Not Old Enough

I was speaking with a woman today, probably in her late 20s, who works for the Public Service in Canada. She is a graduate of one of top colleges and presumably someone the government doesn’t want to lose. She has a both a big vision for change and a seriously self-limiting conversation about what she is and is not able to accomplish in a big bureaucracy at her age. In the absence of a change in her internal conversation about her future, she will probably leave the Public Service early and we’ll lose a potentially very strong leader.

I was struck by how the absence of possibility in her situation looks very much like the same lack of conversation I hear from people my age because we are too old! This phrase is a kind of self-imposed ageism and can occur at any age. It is part of our cultural blindness regarding age and the belief that age is somehow a determining criteria for what we can and cannot accomplish and what is and is not possible.

My view is that a big part of what keeps us stuck in these beliefs is due to the fact that few of us distinguish between the state of our body (at any age) and who we are. Our “mindset” is deeply programmed with the thought/belief that we are our age, even if we intellectually reject this notion. This is the source of ageism—a lack of distinction between the fact of our biological age and the possibility we are as human beings. This perspective is consistent with our culture’s larger worldview (technically known as the Cartesian paradigm) that defines human beings as objects. Once we buy into this notion, we then organize all of our theories and practices to be consistent with this belief. We create ‘human resources’ departments, we create schools of psychology to explain how the person/thing works, and we assess the value of the person/thing in pretty much the way we assess the value of our automobile—most are looking for new and shiny and a few prefer a classic antique.

Ageism (whether of the young or the old) is a cultural ‘reality’ in which our possibilities and practices are organized on assumptions of value based on age.

This interpretation occurs for us both as individuals, as in the example above, and also as a society. For example, the extent that ‘older’ people in an organization are not open to contributions by the young reveals a kind of cultural or institutional ‘blindness’ that perpetuates and limits possibilities based on age.

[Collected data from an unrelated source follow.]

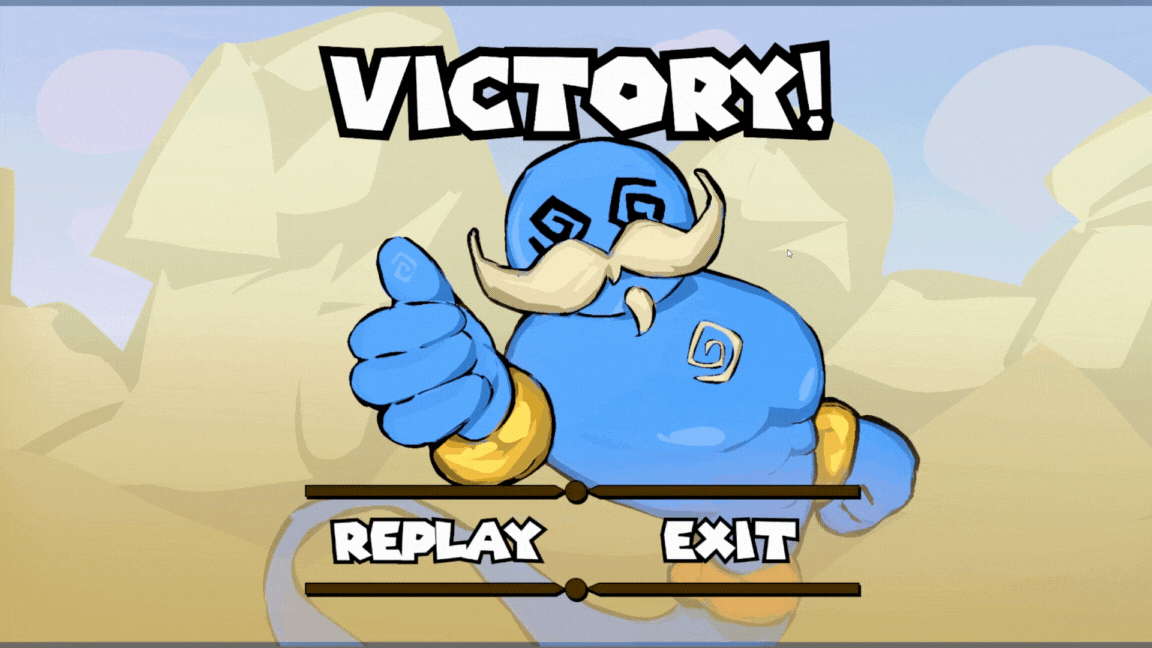 The most immediately notable UI is the collection of assets towards the bottom of the screen. It stays out of the way of the playing field, and it communicates the most vital information. Because of how fast each match moves, players and team members weren’t fully focused on how much sand their side was filled with. All of their focus was on hitting pillars and engaging with the input mini-game. Each player has a bar that representing their colors and the amount of sand their side is filled with. Between the bars is a hourglass that quickly communicates which direction the arena is tilting. It all comes back to communication, having an easy to read piece of UI that allows the player understand what’s going on at a glance.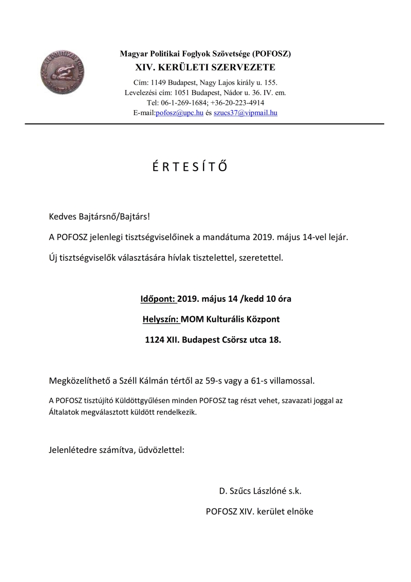 2018. nov. 7-én 12 óra - Bp., Nádor u. 36. IV. em.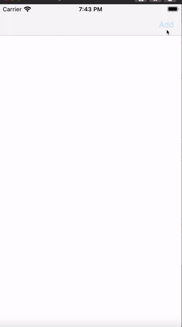 자 앱을 껐다 켜고, 다시 Add버튼을 눌러보겠습니다.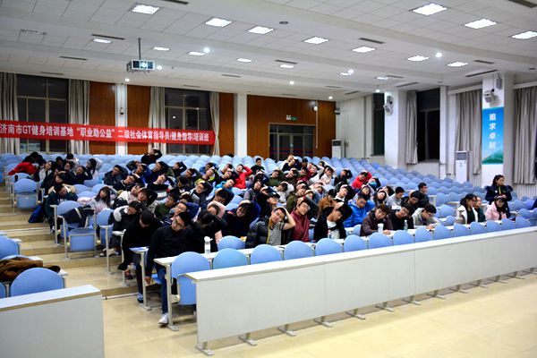 12月15日,由山东省体育局主办、GT国际健身学院承办、环球360会员登录协办的2017年山东省“职业助公益”社会体育指导员(健身指导)二期培训课程在山东大学兴隆山校区举行。GT国际健身学院院长王蓓蓓带领李敏、张昕两位健身教练到场指导,来自全校的近百名同学参加了此次培训。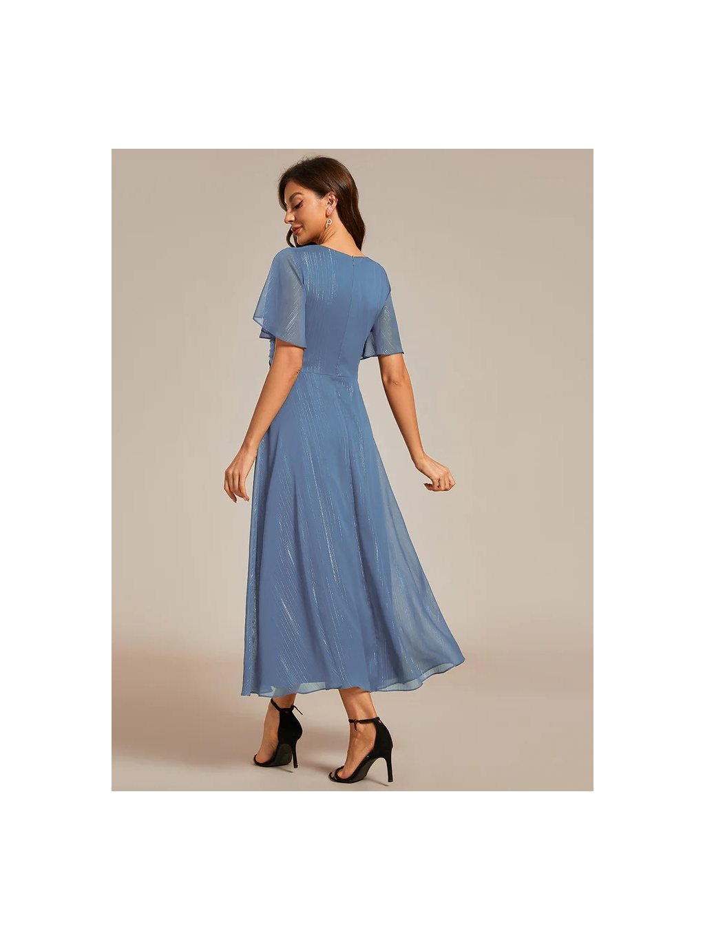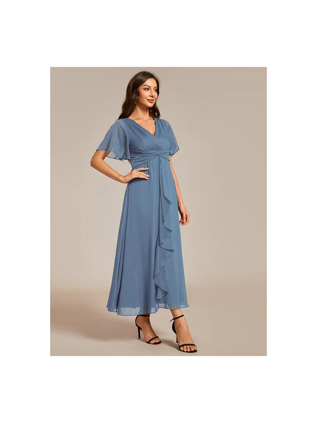 Jemné šifonové šaty s krátkými rukávy, dokonalý jednoduchý design. Šaty mají délku sukně ke kotníkům, Elegantní šaty v lesklém stylu s výstřihem do V pod prsy skládané.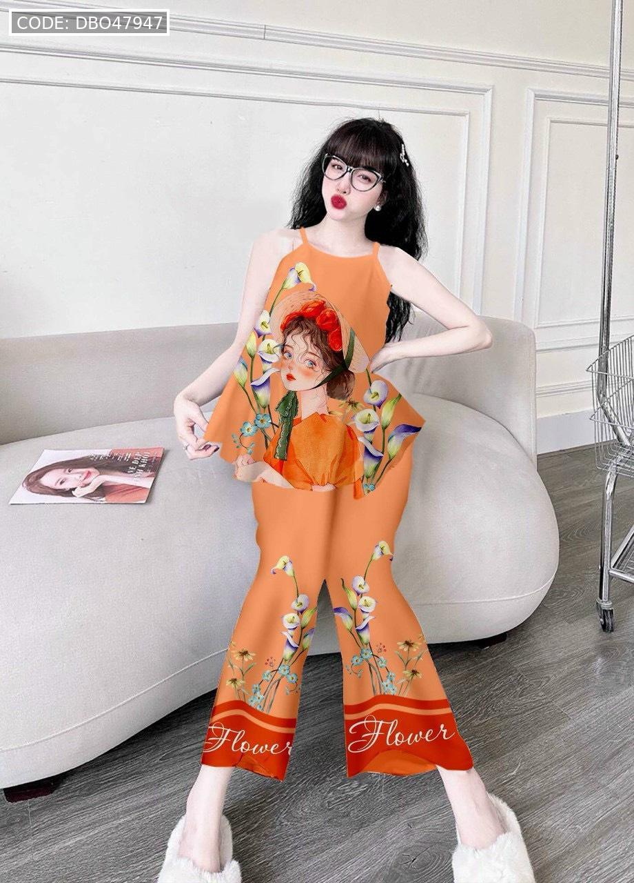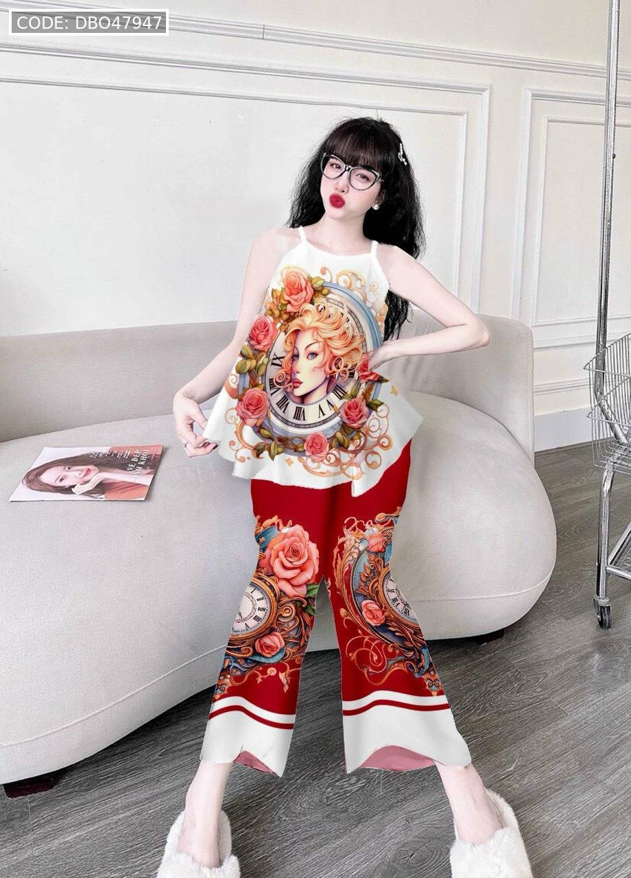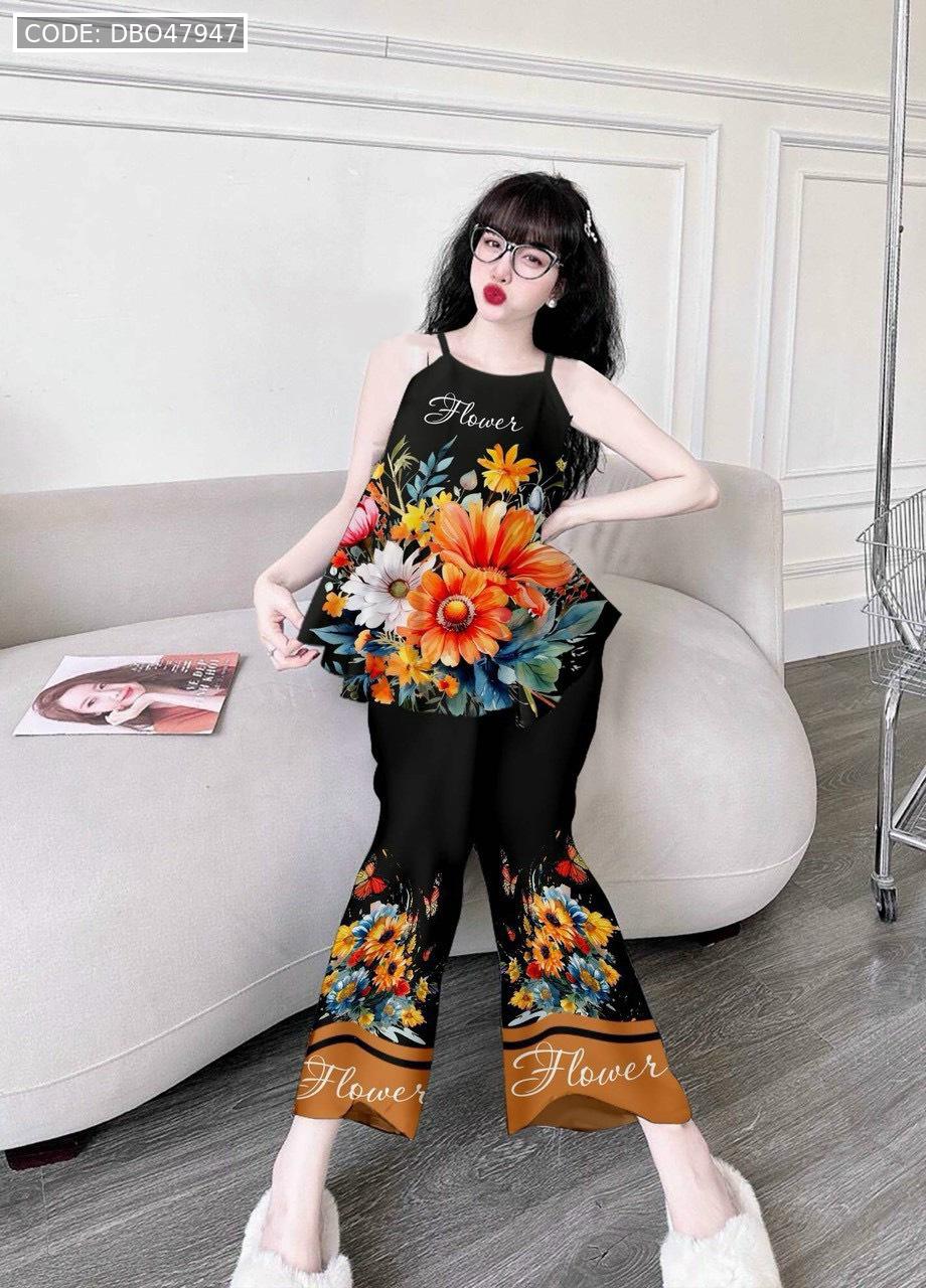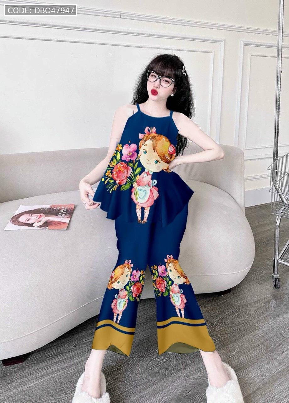 Đồ bộ mango siêu mát quần dài áo yếm nhiều hoạ tiết
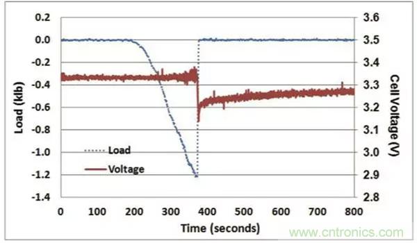 為了方便讀者理解本文,下圖是給出了LFP電池一個非常典型的成功通過機械擠壓測試(正反饋)的判據(jù),電池擠壓變形達到一定的程度后,引起了電池內(nèi)短路的發(fā)生,電池電壓迅速下降,檢測到電壓下降后(0.1V),擠壓力隨之被移除,電池的電壓快速回升,電池沒有發(fā)生熱失控,則電池通過擠壓實驗。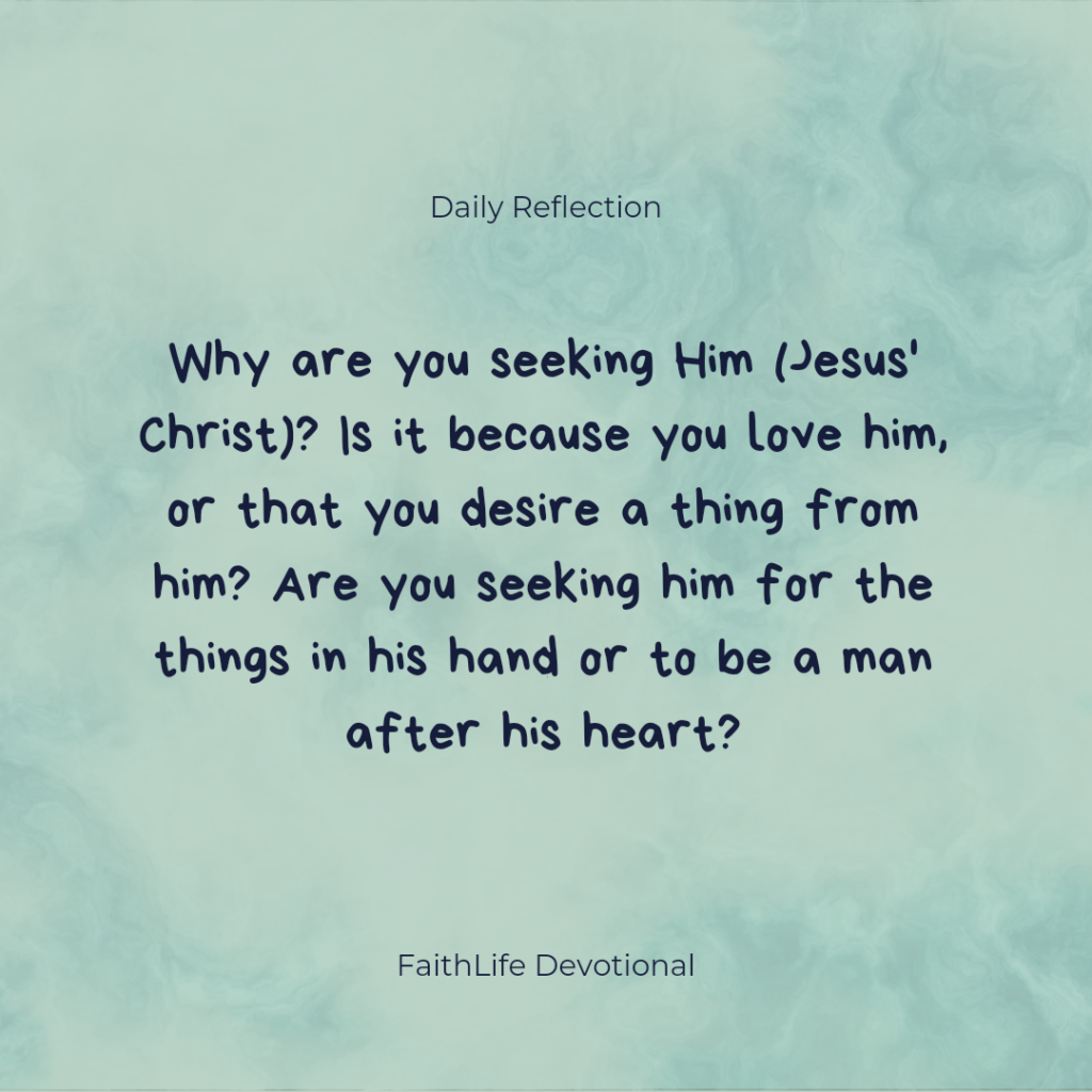 The question coming to you today by God’s spirit is; why are you seeking Him (Jesus’ Christ)? Is it because you love him, or that you desire a thing from him? Are you seeking him for the things in his hand or to be a man after his heart? The answer to the question have a lot to say about how committed you’ll be to God, with or without those things you seek. If it is just so He could meet your physical need, you are laboring for that which will perish. Labor for the meat which endures unto eternal life; believe on Jesus Christ.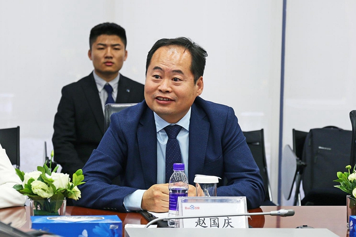 长城汽车高级副总裁赵国庆(右)与百度副总裁、智能驾驶事业群组总经理李震宇(左)代表长城汽车和百度签署合作协议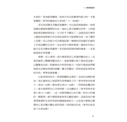 當教會活出這樣的信心會變成何等奇妙的光景呀!當每個病人都把疾病視為聖潔的呼召,並且期待主的同在彰顯,醫治的神蹟就會倍增。每次醫治都能見證神的大能,人就能與詩人大衛同聲歡呼:「我的心哪,你要稱頌耶和華,祂……醫治你的一切疾病。」(詩篇一○三篇2~3節)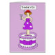 A cartoon lady stands on a giant cake , wearing a red hat and a mauve dress. The lady is holding a cocktail in one hand and saying 'Thank you'.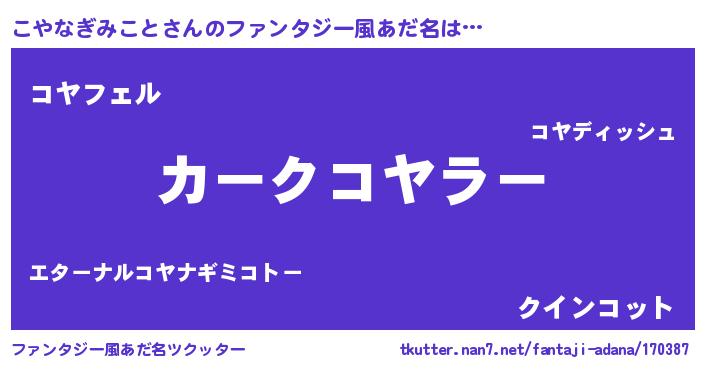 | ヘコむあだ名 | 『こやふぇ~』『こやなぎみこと(遠い目)』 |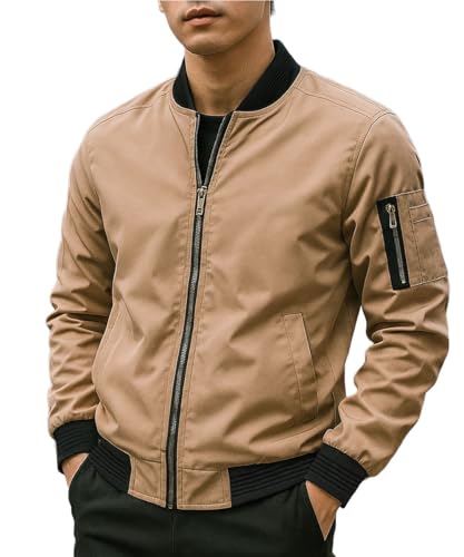 [amatsu] MA-1 ジャケット メンズ ライトアウター ブルゾン 細身 シンプル 無地 ミリタリー アウター 春 秋 冬 カジュアル 通勤 通学 大人 XL ベージュ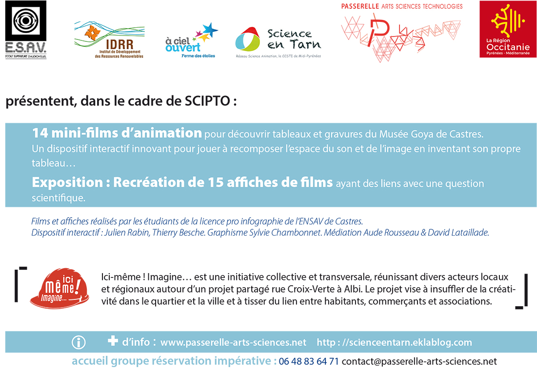 Dans le cadre du festival Science et CInéma Pour TOus (SCIPTO), en partenariat avec l'ENSAV Castres, l'IDRR du Tarn , A Ciel Ouvert et Avec le soutien de la région Occitanie, Science en Tarn et Passerelle Arts Sciences Technologies vous propose:

My argument against ageism isn’t so much because of its impact on the mood or dignity of the individual (although it can often be significant) as it is based on the extraordinary waste of creativity, talent and human energy that is lost to the organization or society. Between the old and the young, we are squandering roughly half of humanity’s potential contribution.

Obviously, there are no simple answers to the fact of ageism any more than there are simple answers to any cultural phenomenon. I do believe, however, in the ‘critical mass’ theory which suggests that when enough people adopt an alternative worldview to conventional wisdom (or a prevailing paradigm), then the whole culture transforms … and what was previously a ‘far out’ idea becomes the mainstream understanding of ‘the way it is’.

Today at the beginning of 2007 we might take a moment to think about where each of us individually stands on the matter of age and its relevance for us personally and in our relationship with others.

My stand is to constantly remind ourselves that ‘who we are is more important than how old we are’.